Monthly Archives: December 2013

Finally we are a ‘real’ subject

As I wonder around school at break, lunch or between lessons I have always felt like the poor relation. Whilst I look at the faces that greet me I can quickly pick out the media kids, drama kings and queens, sporty guys and academics. However, until recently I have not been able to see those ICT buffs, the ones who love using computers to do great things on rather than just simply play games. Not that games are bad, but we should be designing and creating them not simply consuming what is already churned out.

For years this feeling of inadequacy, coupled with qualifications that I deem far too easy, has made me feel a little down. But now there is some excitement in the air, some buzz around the computer labs. Whilst other subject areas have hijacked the communication side of our subject and are using the latest web 2.0 tools and rich media technologies, they may well not be able to comprehend the changes that are happening to the ICT curriculum, or should I say Computing. As I do not understand all the different tenses in French or how different substances are combined to create others in Science, I would not expect them to understand how to set up a network, program a computer or combine multimedia applications with web content to create more than a pretty product but one that has deep functioning and performs effective tasks whilst still having a bit of lippy on.

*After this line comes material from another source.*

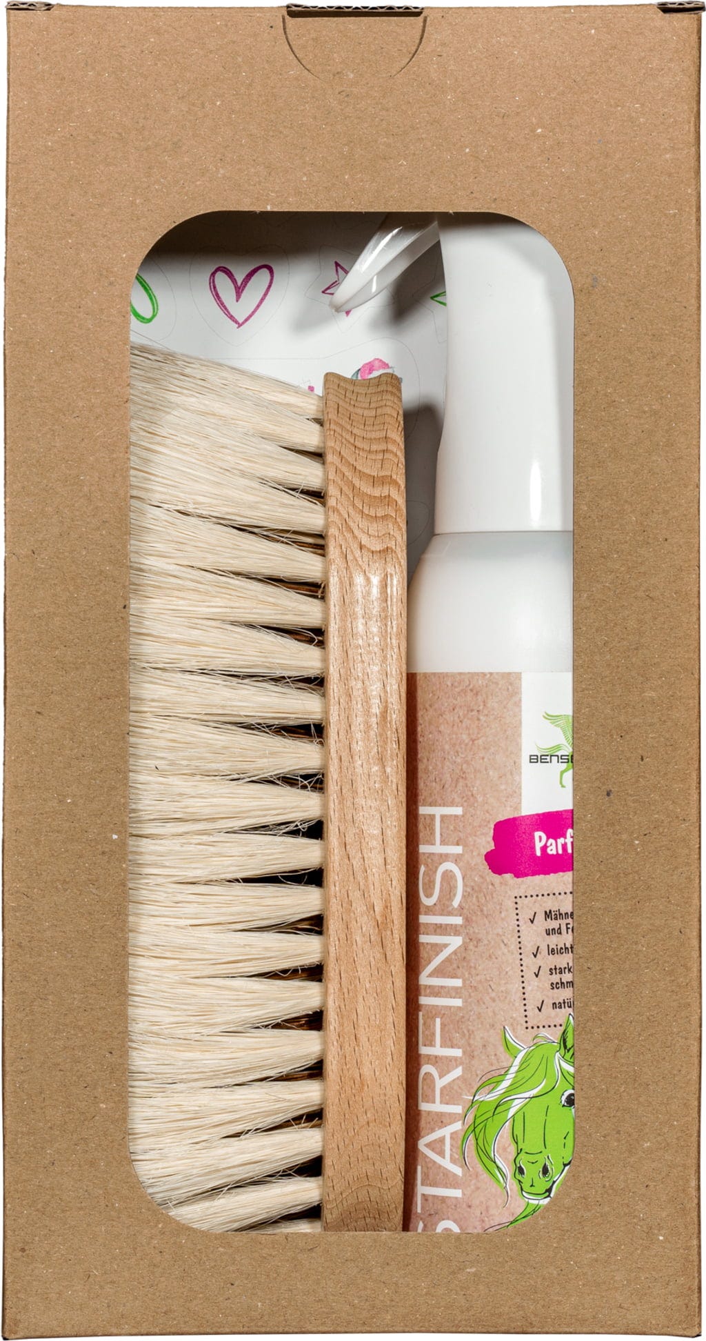 С този комплект, състоящ се от безароматния StarFinish и ефективната четка SchmutzLiese, можете да сте сигурни, че конят ви ще има перфектно поддържана козина!

Yes, I am talking about the introduction of the Computing curriculum from 2014. For all his flaws, and as teachers we know a lot about them, Mr. Gove may just have got this right. That is not to say that I do not have any concerns about the curriculum. In fact I can see five large ones…

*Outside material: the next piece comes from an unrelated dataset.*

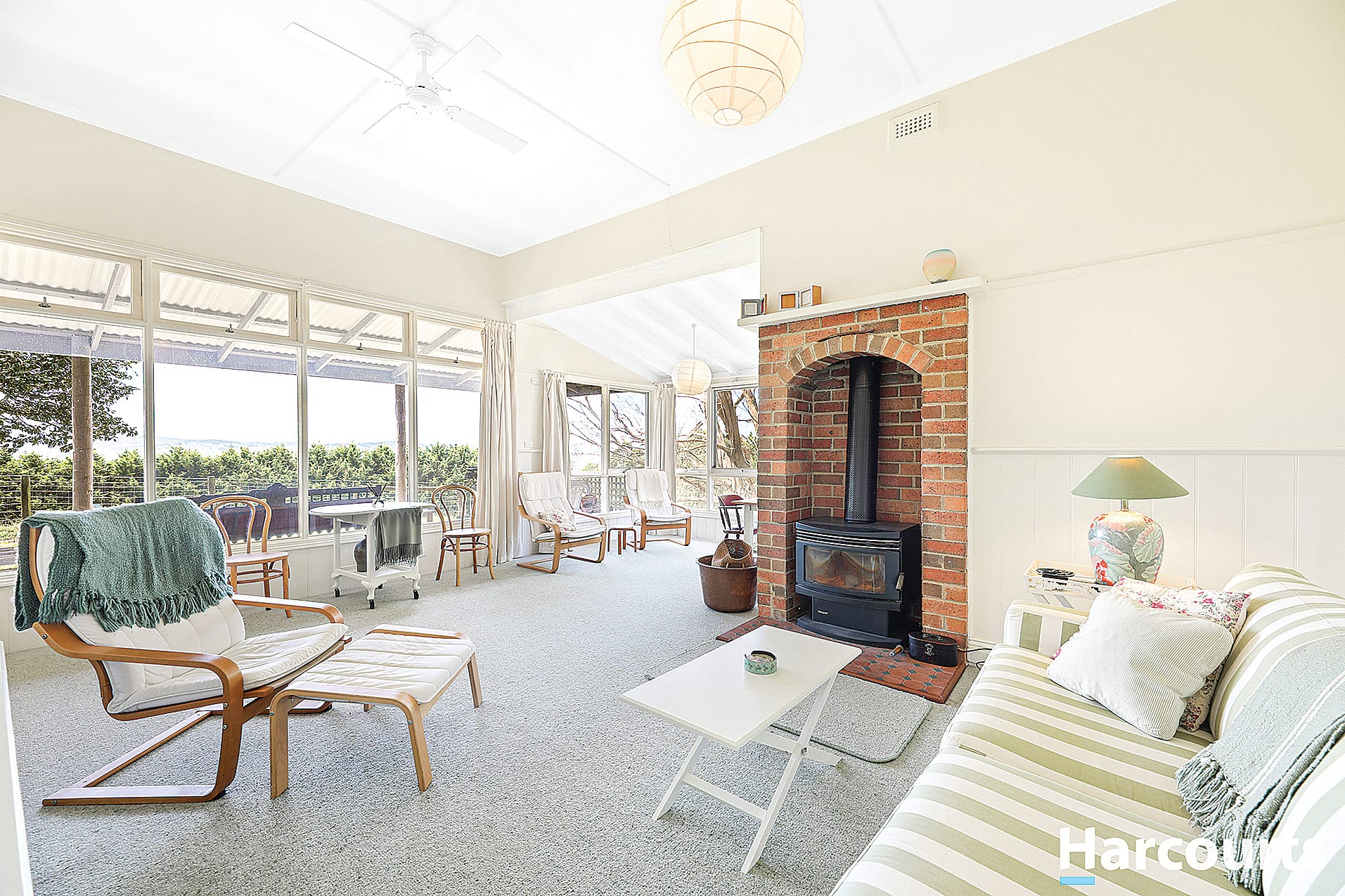 Cozy Sunroom Retreat: At the rear of the home, a cozy sunroom/dining area beckons with its warmth and comfort. Featuring a reverse cycle air-conditioner, red carpet, and a raked timber-lined ceiling, this space is perfect for relaxation and enjoyment. Take in breathtaking rural views by day and marvel at the twinkling lights of Leongatha by night through the telescope. Perfect place for bird watching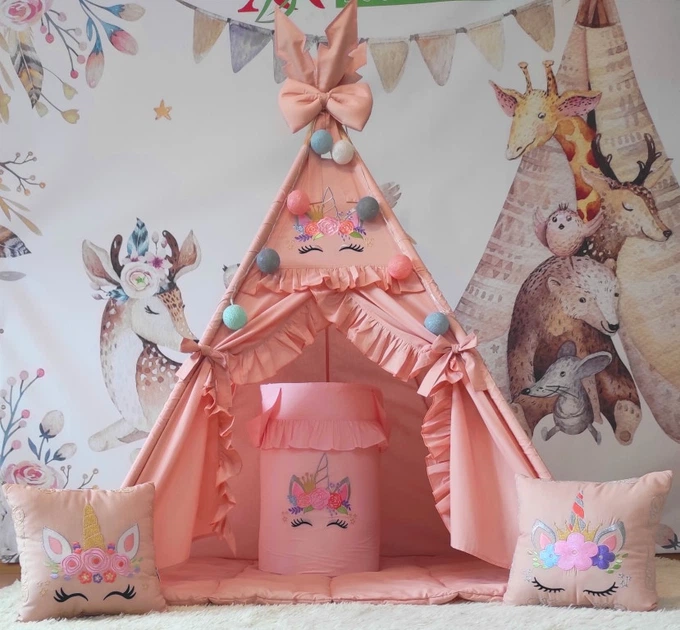Вігвам Замок принцеси з матрациком БОНБОН і кошиком подушки єдиноріжок та зайчик Повний комплект 0888

  1. Cost – it costs a lot to develop a curriculum, not only in money but in time. Extra software and hardware is needed but we also need more training to make sure we can teach it effectively and stay one step ahead of the students.
  2. Ability – computer science is hard, it is as simple as that. It requires logical thought, understanding abstract concepts and scanning long sections of code to find the dreaded syntax error. At GCSE and A-level it is considered to be for stronger students, therefore how can we engage all abilities?
  3. What about older students? – students from Year 8 onwards will not have had much discrete computer science education. Do we introduce it now and give them the opportunities to move into computing knowing they may get lower grades or do we shield them from it and limit job opportunities?
  4. What about the things we taught before? – ICT (or rather Technology Enhanced Learning as it will now be called) is to be taught cross-curricular. Whilst I have seen a lot of excellent work done in other subjects, they are more focused on content rather than how it is communicated. In ICT we delve deeper into the technologies and think about how what we create impacts on other people. Who will pick all this up? Do other curriculum areas have the time to do this?
  5. The curriculum is vague – yes we want the opportunity to shape our own future but the Computing curriculum being vague is an understatement. Will this lead to different schools teaching to different levels and thus some students not being as privileged as others? Some teachers also have more business ICT or multimedia backgrounds and may not be as comfortable with computing, if these make up most of a department what does this mean for students?

We could sit and dwell on these points but that is not progress, that is just resisting change. The fact we are preparing students for jobs that do not exist means we need to enable the change and it seems that Computing is one way forward. If statistics are to be believed, the number of computing based jobs will triple in the next five to eight years so it is down to us to enthuse students and build up their knowledge of Computing. It is a great opportunity to move Computing forward to not only be what to click but to understand the processes that are happening in that magical little box. I am personally very excited that my students will no longer pass courses by simply knowing where to click (ok it is more than that but not as deep as I would like). Now I can tell them how that WYSIWIG editor works, what we need to do to make a computer game, what is actually inside that machine in front of them and what each component does. I can make them understand that when they send an email it does not magically jump from one computer to another, how computers are linked together and what to do if their machine stops working. These are things we touch on at Key Stage 3 but seem to be ignored in coursework based qualifications by Key Stage 4. These points aside, the thing I am most looking forward to is when I walk those corridors and will be able to say ‘hi’ to computing students, to see them grow and maybe even coming to talk to me about the latest project they have undertaken. That excites me more than anything, and who knows, it might even be me who teaches and inspires the next Bill Gates or Steve Jobs.